Given material:
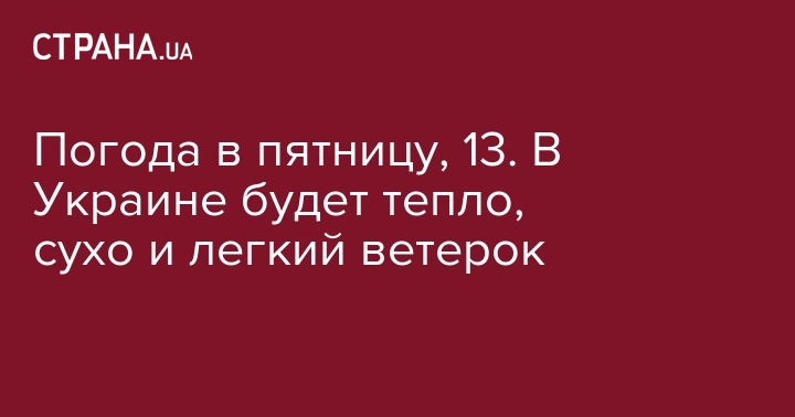 В пятницу, 13 сентября, в Украине прогнозируют жаркую солнечную погоду днем и осеннюю прохладу ночью. Ожидается ветер переменных направлений, 3-8 м / с. Об этом сообщает Укргидрометцентр.
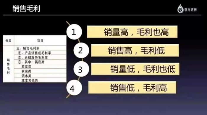看销售毛利时主要关注锅底、荤菜、素菜及酒水,将其分为销量高,毛利也高;销售高,毛利低;销量低,毛利也低;销售低,毛利高这四种类别,对症下药,该提价提价,该降价降价,该淘汰淘汰。
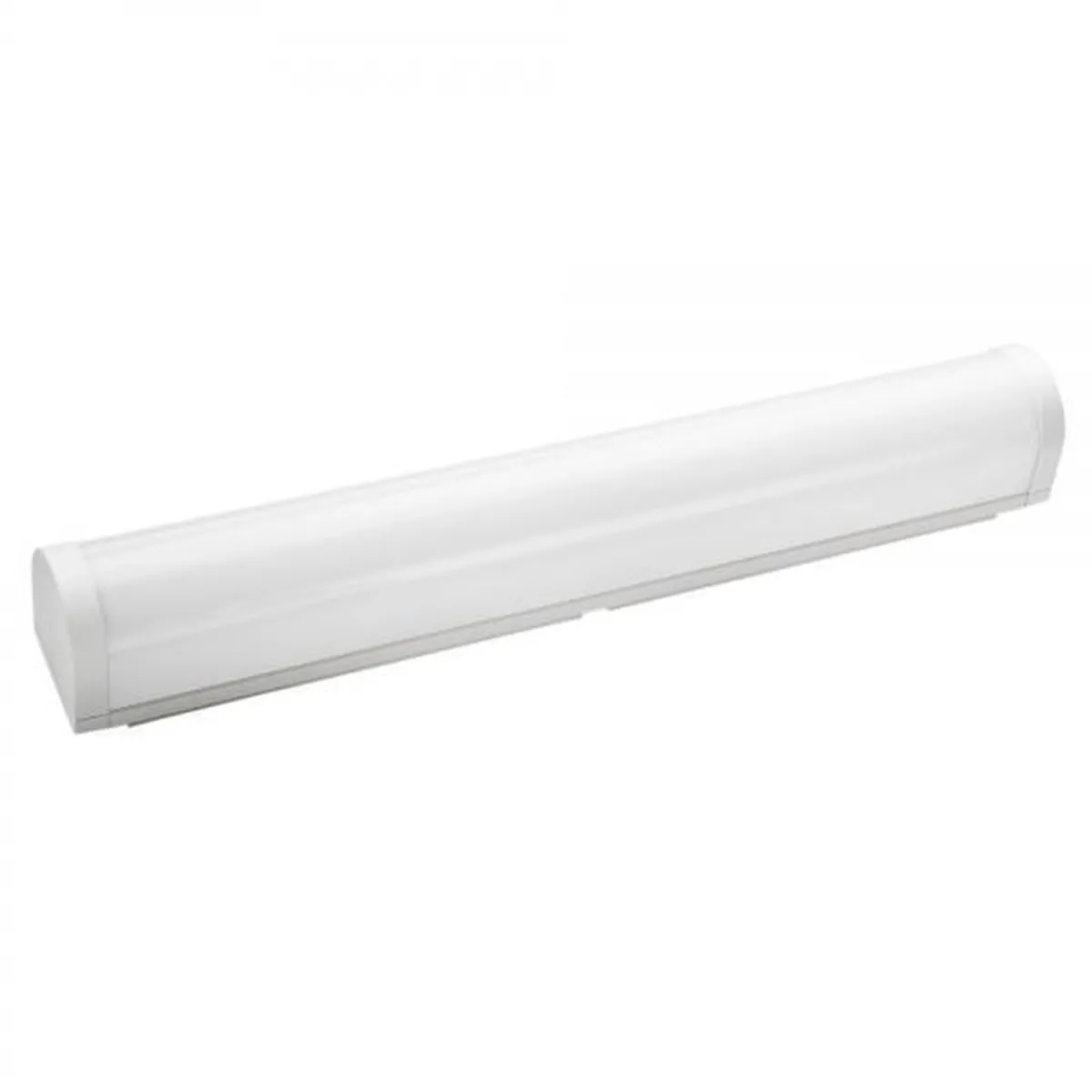 Stilren baderomsarmatur i børstet stål designet av Hallvard Jakobsen. Lampen kan monteres vertikalt eller horisontalt.

Exercise requirements:
Every line above should be reproduced exactly, please, with no pictures included.

Problem solution:
 В пятницу, 13 сентября, в Украине прогнозируют жаркую солнечную погоду днем и осеннюю прохладу ночью. Ожидается ветер переменных направлений, 3-8 м / с. Об этом сообщает Укргидрометцентр.
看销售毛利时主要关注锅底、荤菜、素菜及酒水,将其分为销量高,毛利也高;销售高,毛利低;销量低,毛利也低;销售低,毛利高这四种类别,对症下药,该提价提价,该降价降价,该淘汰淘汰。
 Stilren baderomsarmatur i børstet stål designet av Hallvard Jakobsen. Lampen kan monteres vertikalt eller horisontalt.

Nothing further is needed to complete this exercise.